Career highlights and awards
- 6× All-Star (2002, 2004–2006, 2008, 2009); AL MVP (2002); 2× Silver Slugger Award (2004, 2005); MLB RBI leader (2004); Athletics Hall of Fame;

Medals
Men's baseball
Representing Dominican Republic
World Baseball Classic
| Gold medal – first place | 2013 San Francisco | Team |

= Miguel Tejada =

Dominican baseball player (born 1974)

Miguel Odalis Tejada Martínez ( Tejeda Martínez; born May 25, 1974) is a Dominican former professional baseball shortstop who played 16 seasons in Major League Baseball (MLB). He played for six teams, most notably the Oakland Athletics and Baltimore Orioles, before short stints with the Houston Astros, San Diego Padres, San Francisco Giants, and Kansas City Royals. He is currently the manager of the Bravos de León of the Mexican League.

Tejada spent his first six seasons in MLB with the Athletics, where he began a streak of 1,152 consecutive games that ended with the Orioles on June 22, 2007. He is a six-time All-Star and a two-time Silver Slugger Award winner. In 2002, he won the American League Most Valuable Player (MVP) Award, and was the 2005 All-Star Game MVP. Tejada's nickname is "La Guagua", which means "the bus" in certain Spanish dialects, after his ability to drive in runs. He was the last Oakland Athletics player to win the American League MVP award before the team’s relocation in 2025.

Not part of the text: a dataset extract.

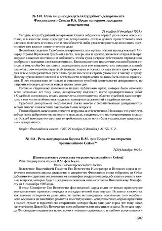 Речь вице-председателя Судебного департамента Финляндского Сената Р.А. Вреде на первом заседании департамента. 21 ноября (4 декабря) 1905 г.

On February 11, 2009, he pleaded guilty to one count of perjury for lying to Congress in his testimony on whether Rafael Palmeiro lied about his steroid use. On August 17, 2013, MLB suspended Tejada for 105 games for violating MLB drug policy. It was the third-longest non-lifetime suspension ever issued by MLB for a drug-related violation.

==Early life==
Tejada grew up in extreme poverty in Baní, a city about 40 miles (65 km) southwest of Santo Domingo, capital of the Dominican Republic. He grew up idolizing the Baltimore Orioles shortstop Cal Ripken Jr.

==Professional career==

===Oakland Athletics (1997–2003)===

====1997–2001====
Tejada developed quickly into a top-notch prospect, showing early signs of power. He reached the Majors towards the end of the 1997 season, joining a struggling Oakland Athletics club. Though he only hit .202 in 26 games that year, the A's saw potential in the 23-year-old Tejada. This was bolstered by his performance with the Edmonton Trappers (AAA) in the Pacific Coast League during the season, and returning to the minors to lead the Trappers to a PCL championship that year. He was rewarded with the starting shortstop job beginning in 1998.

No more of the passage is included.